Reference databases not auto-downloaded

Several tools require large reference databases that are not automatically downloaded by the pipeline. You must obtain and provide paths for these yourself:

Parameter Required by Size
--vep_cache VEP annotation ~15 GB
--pcgr_data CPSR cancer predisposition ~20 GB
--pypgx_bundle PyPGx star allele calling ~2 GB
--cadd_snv, --spliceai_snv, etc. vcfanno score annotation ~100 GB total
--gnomad_constraint Slivar gene constraint ~5 MB
--pgs_scoring Polygenic risk scores varies

Tools that require external databases (VEP, slivar, clinvar, CPSR, ExpansionHunter, HLA typing, pypgx) will fail at startup if enabled in --tools without their required parameters. Annotation scores (CADD, SpliceAI, REVEL, AlphaMissense, gnomAD constraint) are optional enrichments — vcfanno and slivar degrade gracefully without them.

Ancestry reference panel

The --ancestry_ref parameter expects a single VCF file (not a directory). Single-sample PCA without a multi-population reference panel produces mathematically limited results — the module will run but report pca_status: skipped_single_sample. For meaningful ancestry estimation, provide a reference panel VCF containing multiple population samples.

SV consensus merge (experimental)

The survivor_merge module uses a simplified bcftools-based heuristic (1kb position binning) rather than the full SURVIVOR or Jasmine algorithm. CNVnator calls (depth-based, no PASS/FAIL marking) are treated equally with paired-end callers in the “2+ callers” consensus. For production SV analysis, consider running SURVIVOR or Jasmine externally.

Security model

This pipeline is designed for personal, single-user use on trusted data.

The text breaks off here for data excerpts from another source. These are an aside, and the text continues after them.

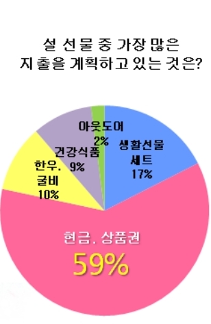 다른 조사의 경우 '설 선물로 가장 많은 지출을 계획하고 있는 상품군'으로는 '현금·상품권(1위)'이 59%로 압도적인 가운데, 올해는 특히 초저가의 '생활선물세트(17%)'가 '한우-굴비 등 식품(10%)', '건강식품(9%)' 등을 제치고 지출계획상품 2위를 차지했으며 '받고 싶은 설날 선물'에서도 2위에 올라 눈길을 끌었다.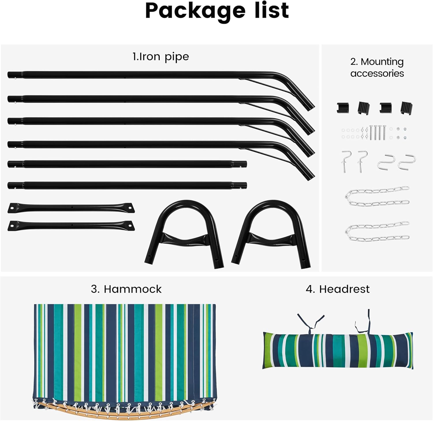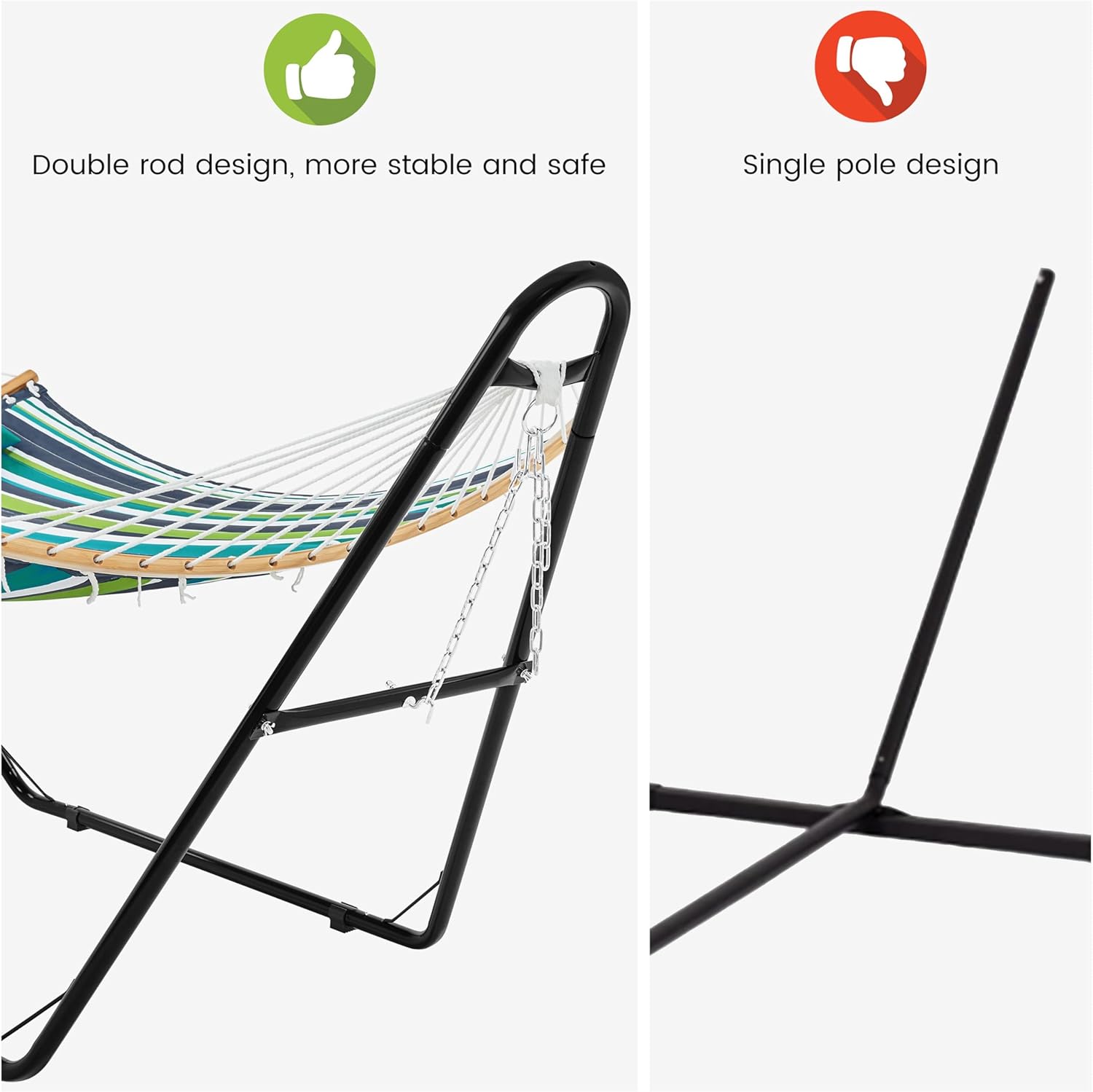Extra-stable Support: The hammock stand, crafted with double iron tubes, is constructed into a triangle structure, with two extra reinforcement bars on each side and a corner strengthening iron bar between each leg and base tube. This hammock-stand set is designed to offer you reassuring support to focus on each happy moment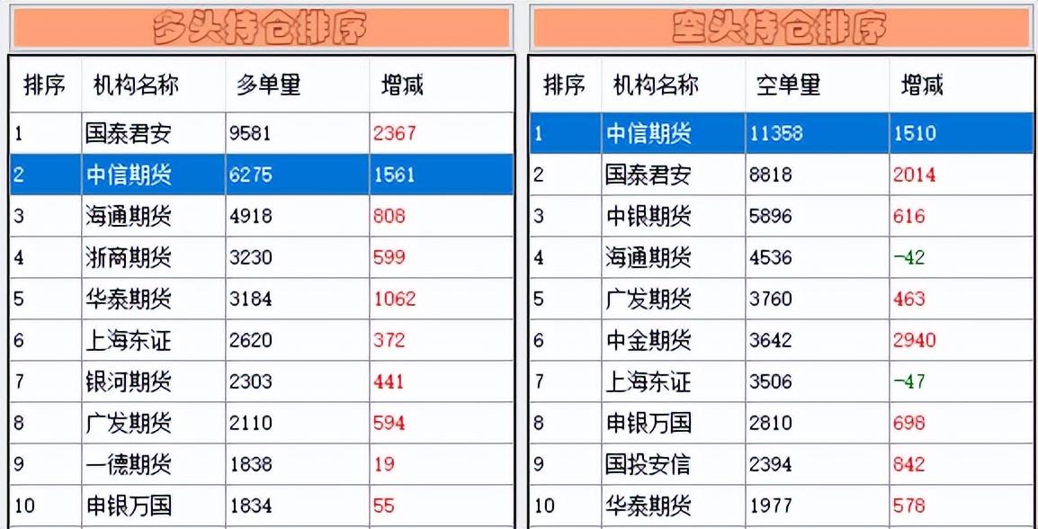 先来看下对下一个交易日有预判作用的“神器”——中信期货在股指期货上的增减持情况。它在沪深300股指期货上多单方面增仓1561手,空单方面增仓1510手,给出了“偏多”的信号——预判失误。

Sample names are sanitized (alphanumeric, ., _, - only), and HTML report fields from VCF INFO are escaped to prevent XSS. However, it is not hardened for multi-tenant or untrusted-input scenarios. Do not expose the pipeline or its outputs as a web service without additional security review.

Cyrius runtime installation

The Cyrius module (CYP2D6 star allele calling) installs cyrius==1.1.1 via pip at runtime because no pre-built container image exists. This requires network access on first run and means Nextflow’s container-only reproducibility guarantee does not fully apply to this module. The version is pinned to avoid floating dependencies. The matching bash script (scripts/21-cyrius.sh) has the same limitation.

CI validation scope

The CI test suite validates the stub-testable subset of modules using -stub dry runs (tools that do not require external databases). It does not cover database-dependent tools (vep, cpsr, clinvar, expansion_hunter) or run real bioinformatics tools on real data. Before trusting results from a new installation, run the pipeline on a known sample and compare key outputs (PharmCAT star alleles, ClinVar hit counts, PCA eigenvectors) against expected values.


Relationship to nf-core

This pipeline uses nf-core template patterns and tooling for code quality, but is not an official nf-core pipeline (it uses a GPL-3.0 license; nf-core requires MIT).

Individual modules (PharmCAT, pypgx, slivar) will be contributed to nf-core/modules under MIT license for use by the broader community.

Acknowledgement

This pipeline was created using tools and best practices from the nf-core community (Ewels et al., 2020, Nat Biotechnol). nf-core components used here are released under the MIT license.